Malgré la chute du prix de lait payé aux producteurs depuis 2008, les Français ont continué à payer leurs briques au prix fort, distributeurs et industriels ayant conservé, voire augmenté, leurs marges, montrent deux études commandées par le gouvernement.
Ces études, publiées mercredi, avaient été demandées par Bercy et le ministère de l'Agriculture en pleine crise du lait en juin, en réponse aux interrogations des producteurs sur les marges des distributeurs et des industriels.
Une réunion a eu lieu mercredi à Bercy pour les présenter aux producteurs, industriels, distributeurs et représentants des consommateurs.
La première, réalisée par l'Observatoire des prix et des marges, porte sur le lait, le yaourt nature, le beurre et l'emmental. La seconde, réalisée par la Direction générale de la concurrence, la consommation et la répression des fraudes, se penche sur l'évolution des prix entre janvier 2007 et avril 2009 des produits laitiers de grandes marques et des marques de distributeurs (MDD).
"Ces études montrent que les producteurs et les consommateurs sont trompés", soutient Jean-Bernard Bayard, secrétaire général adjoint de la FNSEA, principal syndicat agricole.
Le gouvernement, lui, n'a pas commenté ces travaux.
L'une des études indique que pour les yaourts, l'emmental et le beurre, les consommateurs ont pu profiter de la baisse des prix payés au producteur à partir de 2008.

Le consommateur paie actuellement 1,79 euro le litre de yaourt, contre 1,93 euro début 2008, 5,48 euros pour le kilo de beurre contre 5,93 en 2008 et 7,39 euros pour l'emmental contre 7,47 auparavant.
En revanche, le lait en brique est pointé du doigt, la chute des prix à la production n'étant pas répercutée aux consommateurs. Le litre de lait au producteur a chuté de moité en 2009 par rapport à 2008, à 25 centimes contre 40. Or le prix de la brique au consommateur est passé de 70 centimes à ... 69.
"Sur les briques de grandes marques, ce sont les industriels qui se sont accaparés la marge, quand la grande distribution n'a pas augmenté les siennes. En revanche, la grande distribution a augmenté ses marges sur les briques de lait MDD", explique Olivier Andrault, responsable de l'alimentation à l'UFC-Que Choisir, membre de l'observatoire.
La marge des industriels dans le prix payé par le consommateur est passée à 52,1% au deuxième trimestre 2009, contre 39,2% fin 2007, juste avant la chute des prix aux producteurs.
"Ce n'est pas en baissant nos tarifs, que nous allons régler les problèmes des producteurs", assure Jéhan Moreau, directeur de la fédération des industries laitières.

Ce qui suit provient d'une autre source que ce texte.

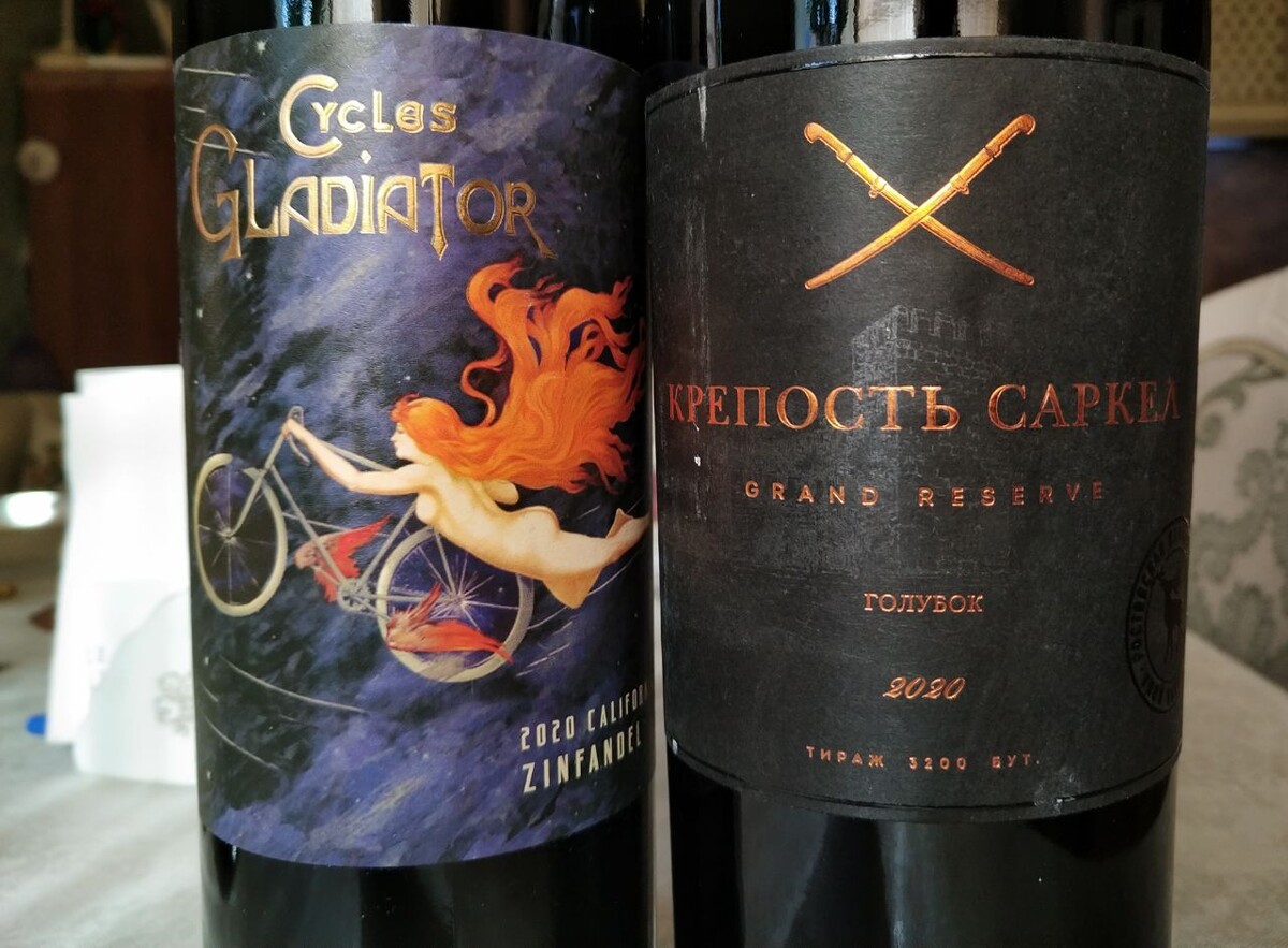 Вино "дети до 18", впрочем, как всегда, но тут ещё игривая этикетка с мото- или велогладиатором-дамой. На что я и купился. Так как это зинфандель, то подобрать ему оппонента среди наших вин затруднительно, значит, в сравнении будет сорт, к которому сложно подобрать оппонента среди зарубежных вин. Представляю участников. Калифорнийский (США) Cycles Gladiator от "Винных хулиганов" (Wine Hooligans) - зинфандель 2020 года, сухое вино, что надо уточнить, потому что полусухих зинфанделей больше, чем сухих. Дара розлива сентябрь-2022. В взял за 2,5 тысячи - американские вина сейчас особенно дороги. "Крепость Саркел Голубок Гран Резерв" от "Цимлянских вин", сорт голубок тоже урожая 2020 года, розлив август-2022. Когда-то взял за 2,4 тысячи, потом видел за 2,8 тысячи. Вино уже было у меня в блоге и произвело очень хорошее впечатление. Поехали! Cycles Gladiator В первый день узнаваемый сортовой аромат и вкус, ассоциирующийся у меня с чем-то еловым, ну, помимо почти обязательных ягод. Не так, что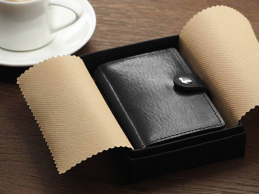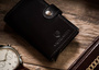 Portfel wyposażony w ochronne etui na karty z inteligentnym systemem do ich łatwego wysuwania - wystarczy pociągnąć za małą dźwigienkę, a karty natychmiast się wysuną.
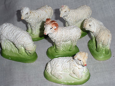 Title (ebay affiliate link): SIX 1940's - 50's CHALK PLASTER NATIVITY ANIMALS ~ SHEEP, LAMB, RAM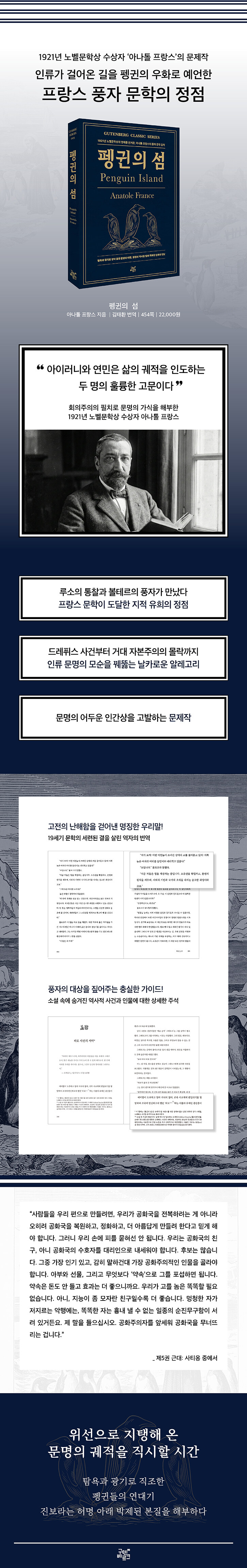 구텐베르크 출판사에서 새롭게 펴낸 『펭귄의 섬』은 아나톨 프랑스 소설 특유의 반어법과 냉소적인 유머를 현대적인 감각으로 되살려냈다. 특히 20세기 문학의 우아한 문체를 사랑하는 역자의 손길을 거쳐, 난해할 수 있는 풍자적 맥락을 명쾌하게 풀어냈다. 또한, 독자의 이해를 돕기 위해 소설 속에 숨겨진 역사적 배경(드레퓌스 사건, 프랑스 혁명 등)을 친절한 주석으로 풀어내어 알레고리가 주는 지적 즐거움을 배가시켰다.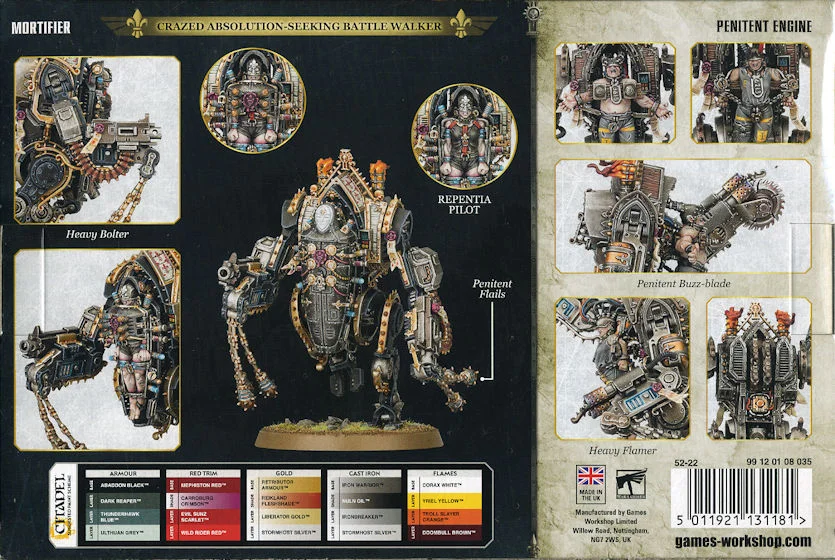 This kit can be built as two Penitent Engines equipped with a pair of heavy flamers and a choice of penitent buzz-saws or penitent flails. Alternatively, any Penitent Engine can be assembled as a Mortifier, or as a fully-encased Anchorite, which are equipped with heavy bolters instead of heavy flamers.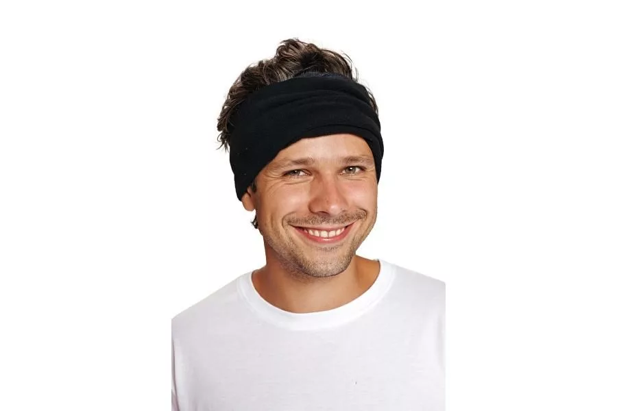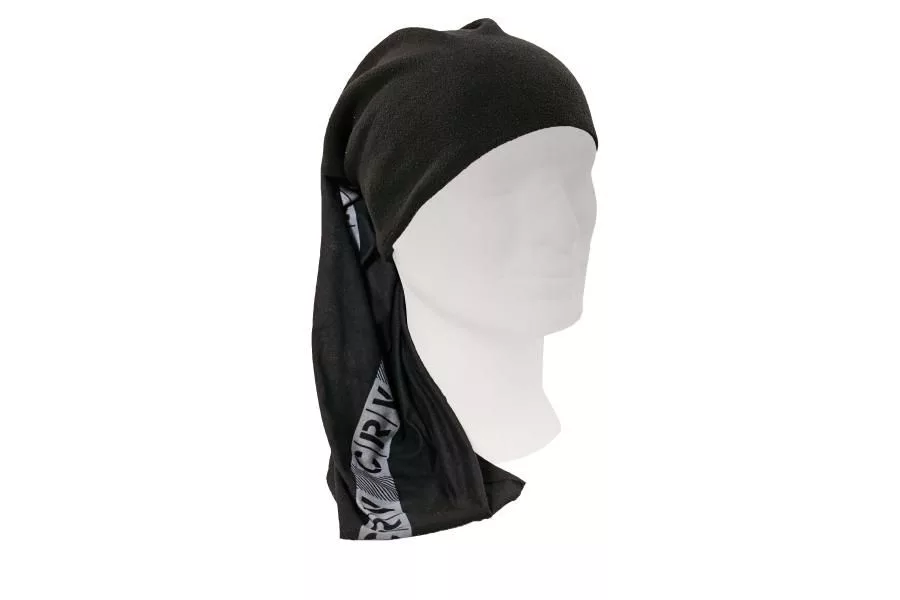 A többfunkciós sál belső rétege meleg polár. A fekete sál viselhető fejpántként, sálként és sapkaként is.
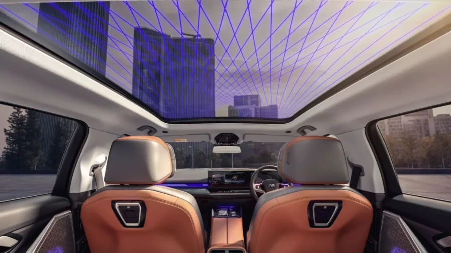 BMW uses a printed pattern on the glass and built-in LED light. It works along with ambient lighting in the car, along with colors depending on the driving mode. Even in daylight, one is able to see that the lighting lends the cabin an extra bit of premiumness.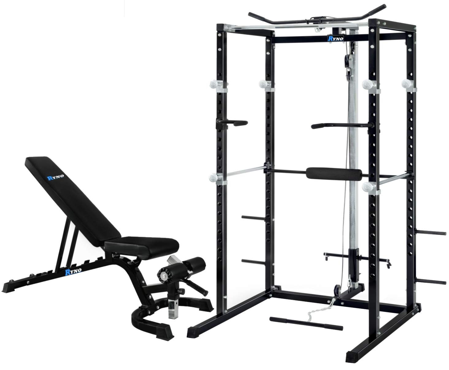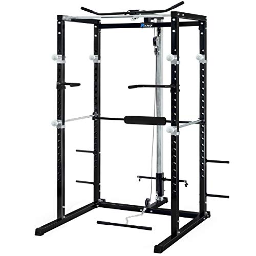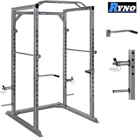 Pr500 ryno power rack dip handles tricep rope pull down attachment lat pull down attachment straight bar attachment foam covered utility bar 4 x 1 plate storage rods with clips 4 x solid steel chrome adjustable barbell drops 2 x solid steel chrome squat safety bars 1 x chrome pull up bar colour options.

Ces études ne traduisent pas les difficultés du secteur, "c'est-à-dire les fortes importations de fromages et de lait, un prix au producteur non compétitif et des sociétés de lait qui ne se portent pas bien".
La part de la marge des distributeurs est restée relativement stable sur la même période, s'établissant à 17,1% contre 16,7%.
Pourtant les producteurs estiment qu'elle reste excessive. "Les distributeurs récupèrent une marge importante rien que pour mettre les produits en rayon", soutient M. Bayard.
Cette marge sert également à payer les salariés et les coûts du magasin, répond Jérôme Bédier, président de la fédération des distributeurs, indiquant qu'elle reste inférieure à la marge moyenne sur les autres produits (25%).
L'UFC-Que Choisir relève, elle, que les prix élevés du lait sont également le fait d'une absence de concurrence, deux groupes (Lactalis et Sodiaal) accaparant 75% du marché.